We continue uphill for some time, until we reach a turning that we think might lead to the beach. Instead we find ourselves walking down a winding steep road into another residential area with which we are not familiar. Even though it is still early evening, no one is wandering outside of their houses. This appears a well-lit ghost town, the only movement from cats protecting their temples and birds protecting their nests. It is soothing to feel completely alone in the quiet, like the island belongs to us.
On the way back, we witness the most extraordinary sight: a collective of women behind floor-length glass windows rehearsing a Noh Theatre performance. They perform several dances in costume with multiple props, including these spectacular gold fans. Royce tells me that the last time he visited this island he actively searched for this type of performance to attend, and here we were, serendipitously viewing from mere yards away one of Japan’s oldest theatrical traditions. Breathtaking.
The next day, we do actually go to the beach. ‘Don’t try swimming in the water, though,’ he told me. ‘Last time I was here, the owner took me on a two hour boat ride and forced me to look underwater with goggles at all the poisonous snakes and eels and sharks and other things that could potentially kill me.’ ‘But they wouldn’t be in the shallow part of the water, would they?’ I pressed, keen to make use of my new bathing suit. He returned with this look that said, don’t make me say I told you so! But with the mid-afternoon sun beating down on my slowly reddening skin and the feeling of warm sand under my feet and between my toes, I couldn’t resist dashing calf-deep into the water, lifting my skirt when a wave came crashing by. And much to my relief, I survive this audacious act with all my limbs in tact.

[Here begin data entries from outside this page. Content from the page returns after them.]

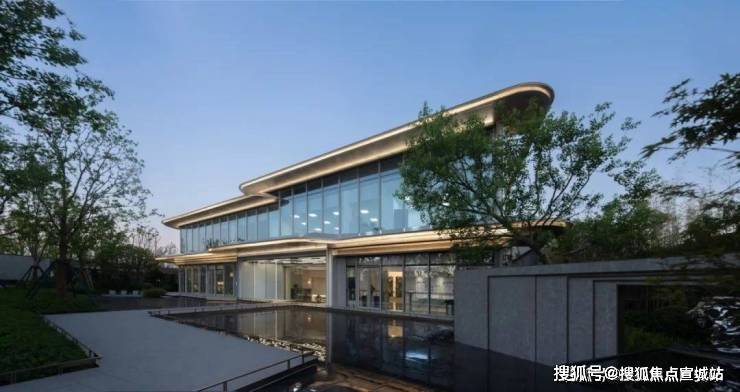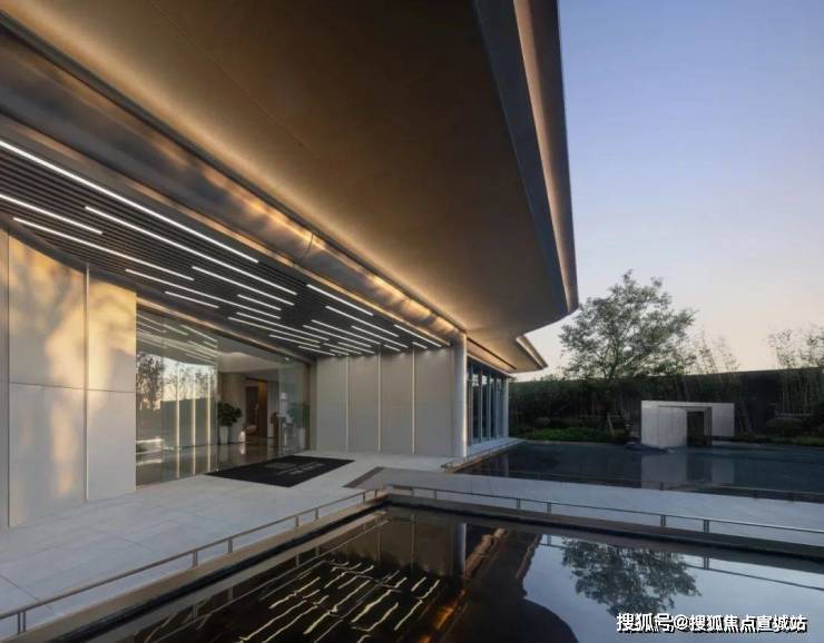 屋顶错落有致,悬挑而出,屋盖宽广,宛若空中流云,又似续写环秀湖畔岸线绵绵流长。社区大堂吊顶采用模拟湖水波纹的泛光效果,灯影交错,波光闪烁,映于池水,光影绮丽。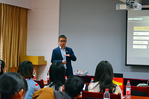 接著,人力資源部經(jīng)理劉平輝依次從薪酬、福利、培訓等方面深入講解,針對應(yīng)屆畢業(yè)生可能會遇到的職場難題、困惑,從新員工導師制、新員工成長培養(yǎng)體系等方面有針對性的解答。宣講結(jié)束后,同學們積極互動,結(jié)合自身專業(yè)及崗位特點等提問咨詢、提交簡歷。 本次校園招聘面向云南省各高校學生招聘,崗位以儲備干部及銷售崗位為主,公司將第一時間篩選簡歷并通知安排有關(guān)人員面試。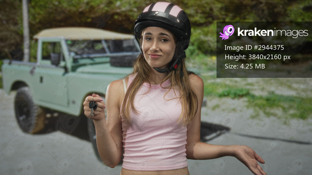 Woman holding car keys and wearing pink helmet and tanktop in forest beside a parked jeep with a half shrug and raised eyebrows; mild resignation.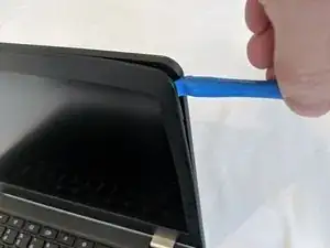 Используйте пластиковый инструмент для открывания, чтобы поддеть панель и отцепить её от узла дисплея.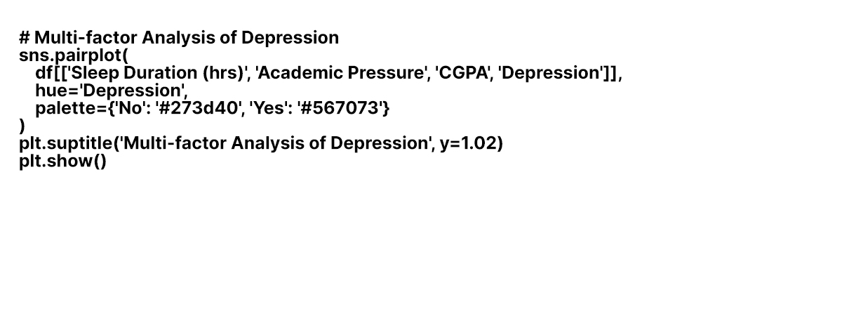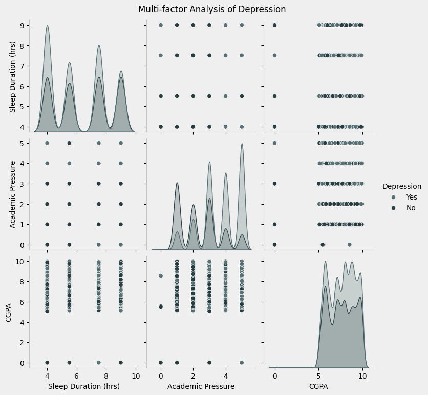 Этот парный график визуализирует взаимосвязь между несколькими факторами (продолжительность сна, академическое давление, CGPA) и статусом депрессии. Это помогает понять, как различные факторы одновременно способствуют депрессии.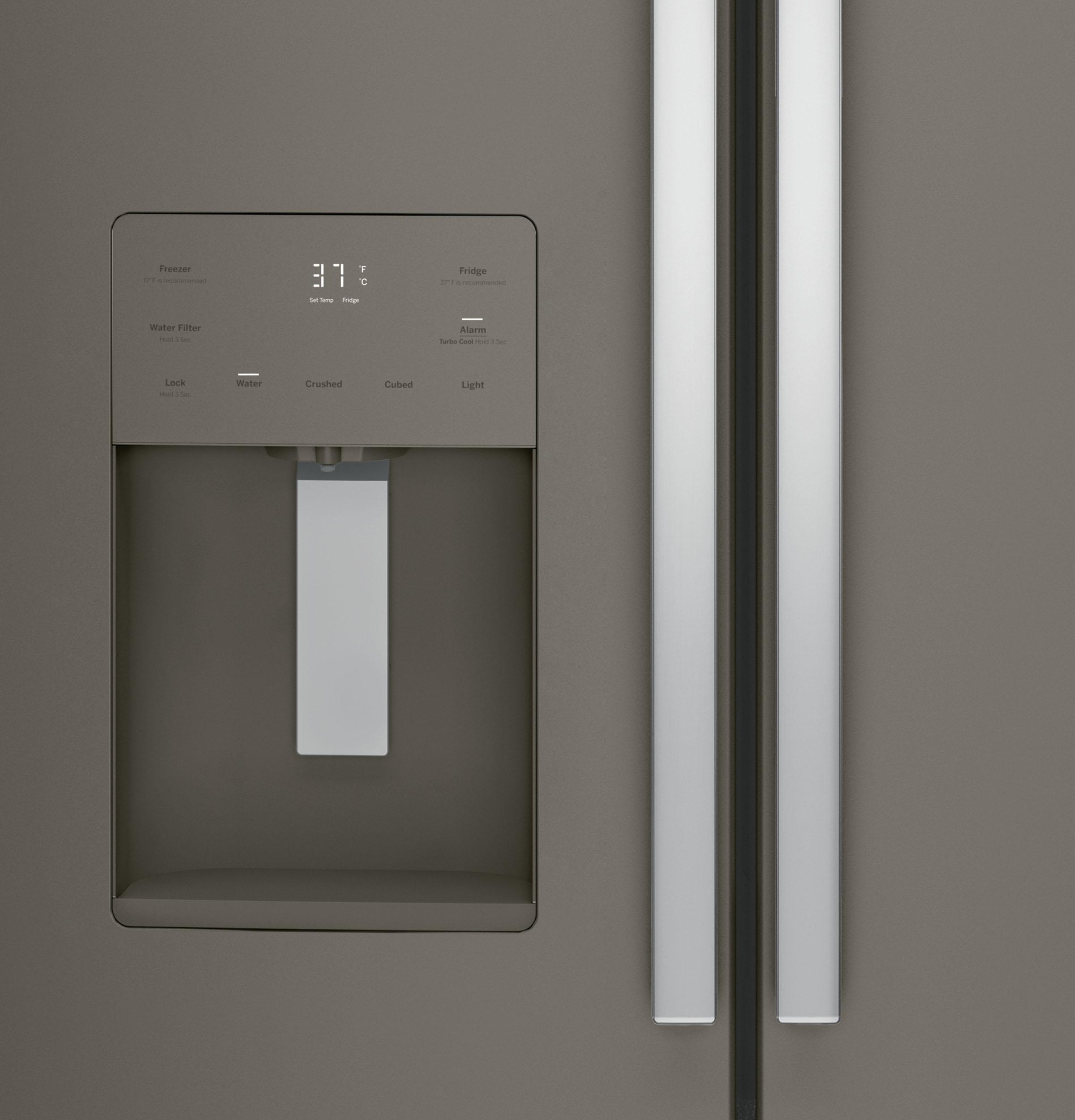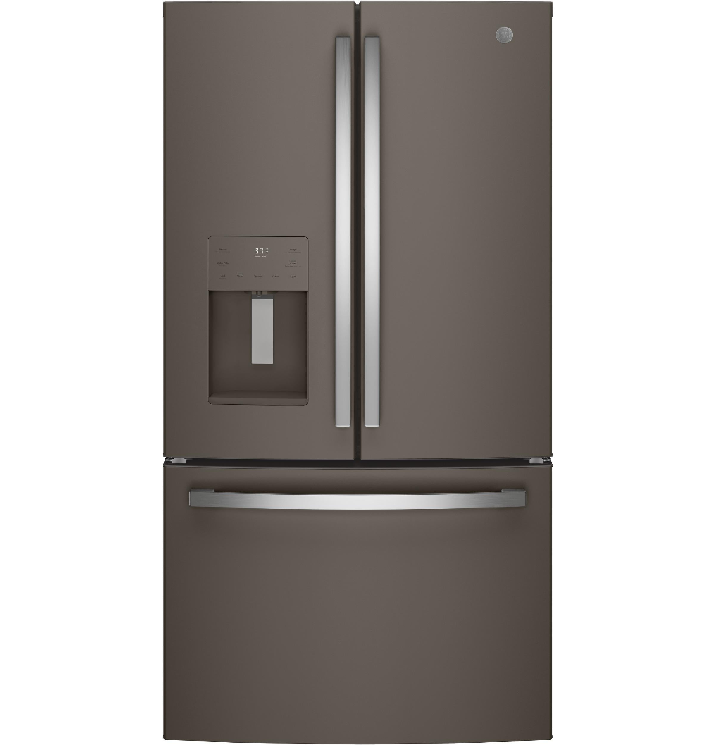 The GE GFE26JMMES is a 25.6 cu. ft. French door refrigerator engineered to combine style, functionality, and convenience. Its fingerprint-resistant slate finish keeps your kitchen looking clean and modern, while the space-saving icemaker located in the door frees up valuable shelf space inside. Bright and energy-efficient LED lighting illuminates every corner, making it easy to find items. The refrigerator includes spill-proof shelves designed to contain spills and simplify cleanup, plus a quick space shelf that slides to create extra space for tall items. Advanced water filtration provides clean, fresh-tasting water and ice. Additionally, the model features enhanced Sabbath mode for compliance with religious observances. With spacious storage and thoughtful design, this refrigerator fits perfectly in contemporary kitchens.

There’s a slowness here. One that permits me to spend an uninterrupted amount of time watching to see if a community of hermit crabs will emerge from their shells for my own amusement. That encourages me to climb over steep, dark rocks beautifully misshapen by the tide rolling in, collect and admire and treasure brightly-coloured coral and shells from the sand, and twist a not-yet-ripe yellow-and-green pineapple from its own squealing maternal branch. Hours pass unnoticed and one fishing boat passes by; a handful of locals can be seen browsing the beach.

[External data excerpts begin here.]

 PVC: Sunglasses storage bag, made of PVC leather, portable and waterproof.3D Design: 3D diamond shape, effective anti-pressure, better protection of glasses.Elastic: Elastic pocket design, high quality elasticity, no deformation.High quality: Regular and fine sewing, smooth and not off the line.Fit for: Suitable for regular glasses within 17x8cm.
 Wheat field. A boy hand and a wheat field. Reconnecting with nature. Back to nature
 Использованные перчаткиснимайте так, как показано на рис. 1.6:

When I was younger and camping with my family, I used to wander off and find myself a large rock by the water on which to seat myself and write in my journal. Goodness knows what I wrote about, and whether or not my surroundings served as an environmental muse, but simply being there inspired this sense of calm and remove that I rarely find now living in the city and worrying about how much or how little I’ve accomplished day-to-day. There, my only purpose was to find my rock and sit on it and write. Here, it was to stare out into ocean and think about nothing beyond my surroundings. For once, that wasn’t difficult.